A `50 kg` motor rests on four cylindrical rubber blocks. Each block has a height of `4 cm` and a cross-sectional area of `16 cm^(2)`. The shear modulus of rubber is `2 xx 10^(6) N//m^(2)`. A sideways force of `500 N` is applied to the motor. The distance that the motor moves sideways is

To solve the problem, we need to calculate the sideways displacement of the motor when a force is applied to it.
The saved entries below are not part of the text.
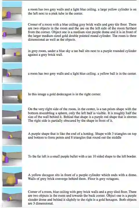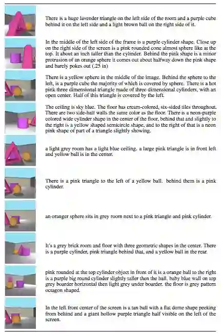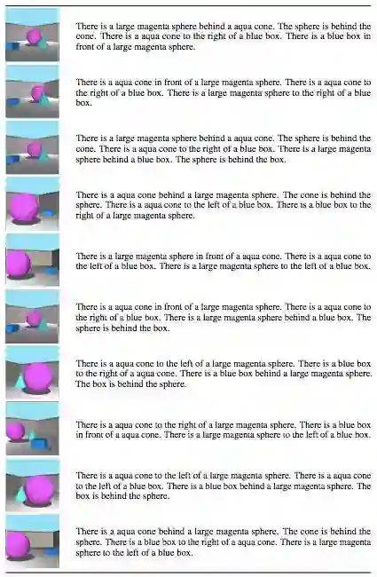 我们认为,朝人类水平的理解场景描述能力发展的重要一步是建立能够捕捉这些不变性的表征。在本文中,我们介绍了一个能学习此类表征的多模态架构。为了训练和验证该模型,我们创建了一个 3D 场景的大型数据集,包括场景和不同角度的语言描述。我们对学到的表征进行评估,通过从训练数据中未看到的角度生成图像并检查它们是否符合这种新角度下对场景的自然语言描述,来确保它们确实能够泛化。我们还发现,我们学习的表征很符合人类关于场景描述的相似性判断。
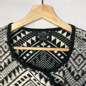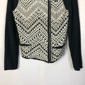 Lucky Brand Black & White Aztec Print Side Zip Moto Sweater Jacket M
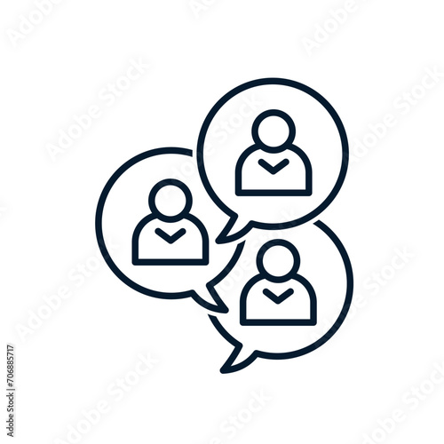 Concept of online communication, business chat, target audience. Vector linear icon isolated on white background.
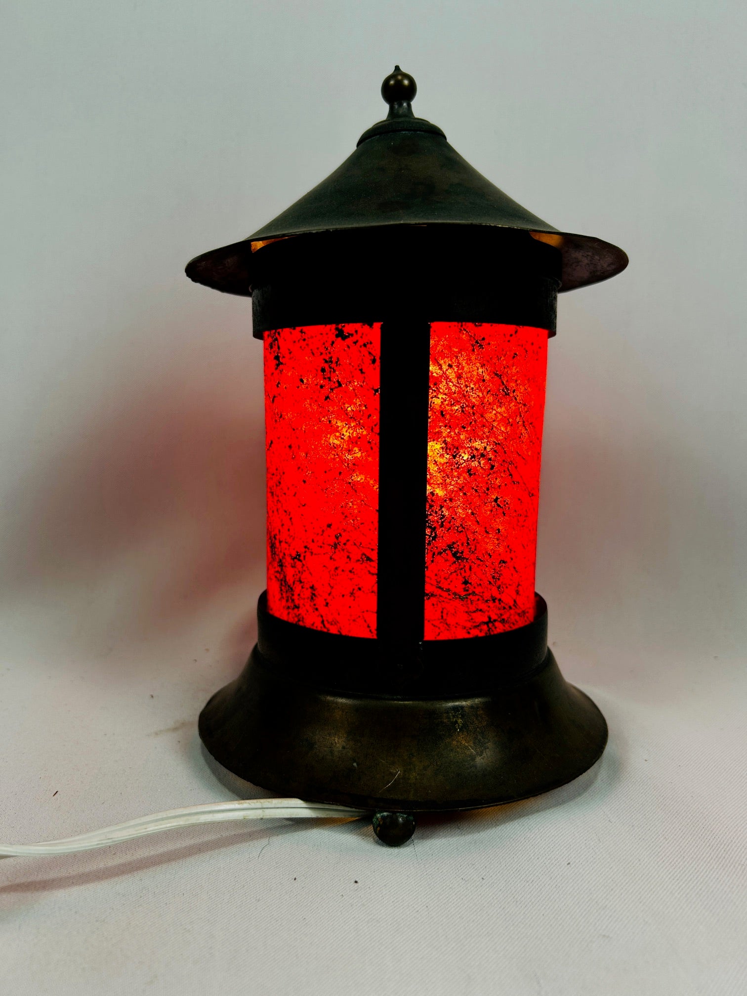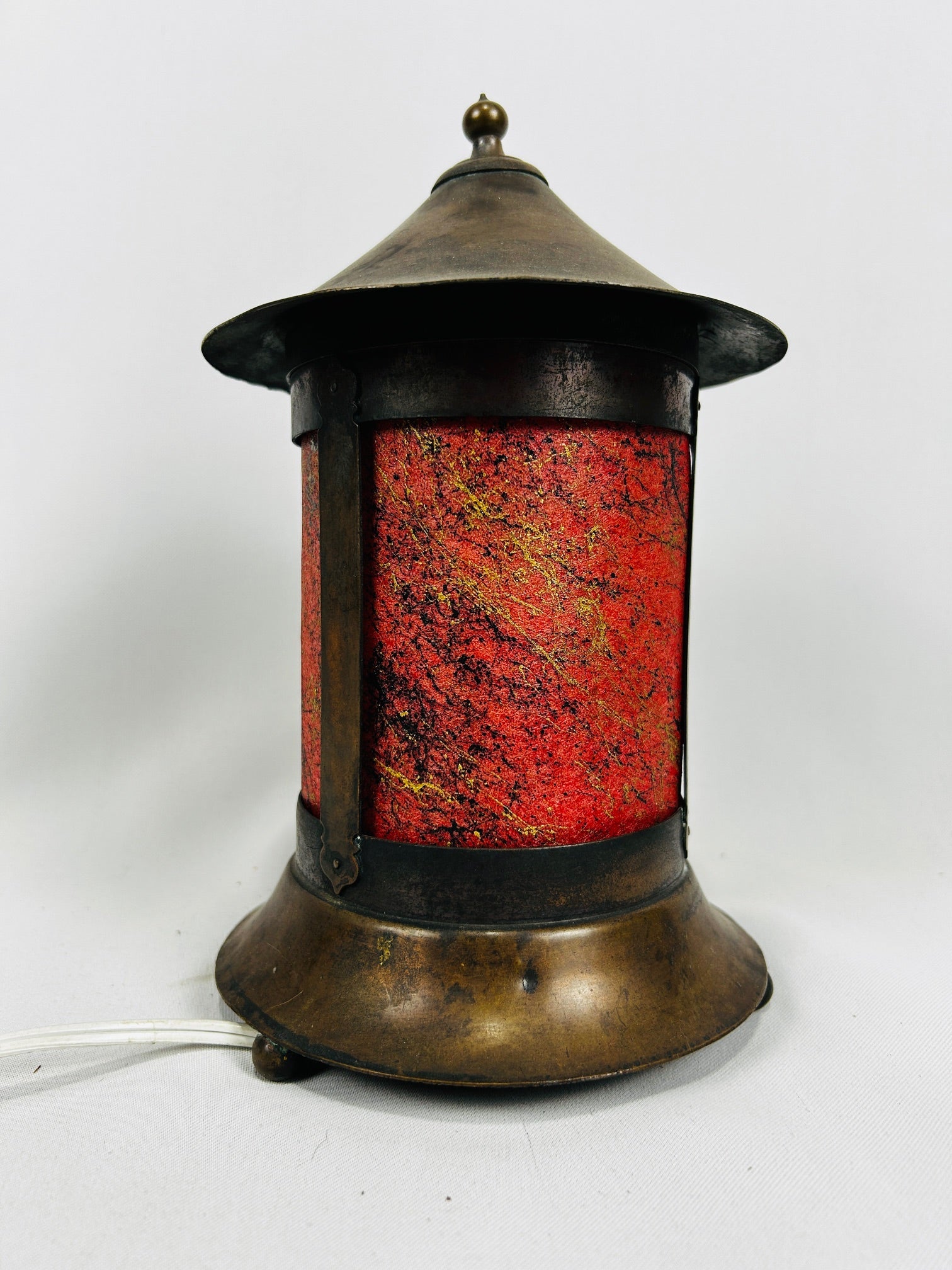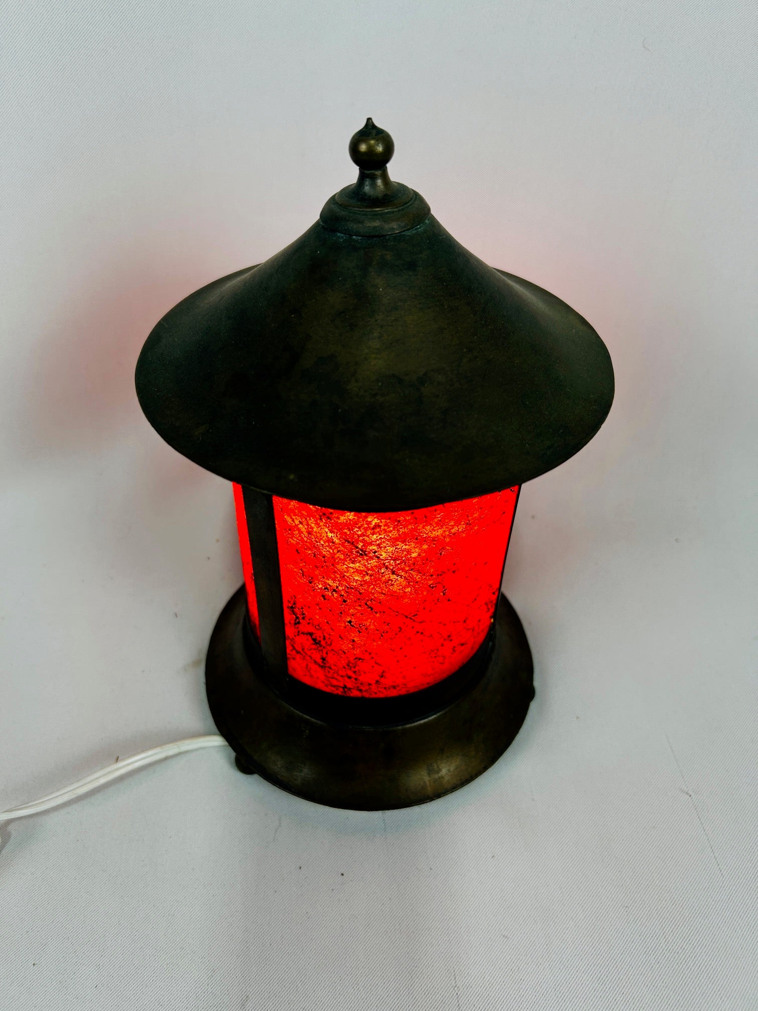 Table lamp Metal cylinder with pointed metal top and red fiberglass diffuser

We will use the relationship between shear stress, shear strain, and the shear modulus. ### Step-by-Step Solution: 1. **Identify the Given Values:** - Mass of the motor (m) = 50 kg - Height of each rubber block (h) = 4 cm = 0.04 m (convert to meters) - Cross-sectional area of each block (A) = 16 cm² = 16 × 10⁻⁴ m² (convert to square meters) - Shear modulus of rubber (η) = 2 × 10⁶ N/m² - Applied sideways force (F) = 500 N 2. **Calculate the Total Cross-Sectional Area:** Since there are 4 blocks, the total cross-sectional area (A_total) is: \[ A_{total} = 4 \times A = 4 \times 16 \times 10^{-4} \, \text{m}^2 = 64 \times 10^{-4} \, \text{m}^2 = 6.4 \times 10^{-3} \, \text{m}^2 \] 3. **Calculate the Shear Stress (τ):** Shear stress is given by the formula: \[ \tau = \frac{F}{A_{total}} \] Substituting the values: \[ \tau = \frac{500 \, \text{N}}{6.4 \times 10^{-3} \, \text{m}^2} = 78125 \, \text{N/m}^2 \] 4. **Relate Shear Stress to Shear Strain:** The relationship between shear stress and shear strain is given by: \[ \tau = \eta \cdot \frac{X}{h} \] Where: - \(X\) is the displacement (shear strain), - \(h\) is the height of the rubber block. 5. **Rearranging for X:** Rearranging the equation to solve for \(X\): \[ X = \frac{\tau \cdot h}{\eta} \] Substituting the values: \[ X = \frac{78125 \, \text{N/m}^2 \cdot 0.04 \, \text{m}}{2 \times 10^6 \, \text{N/m}^2} \] 6. **Calculating X:** \[ X = \frac{3125}{2000000} = 0.0015625 \, \text{m} = 0.15625 \, \text{cm} \] 7. **Final Result:** The distance that the motor moves sideways is approximately: \[ X \approx 0.156 \, \text{cm} \] ### Summary: The sideways displacement of the motor when a force of 500 N is applied is approximately **0.156 cm**.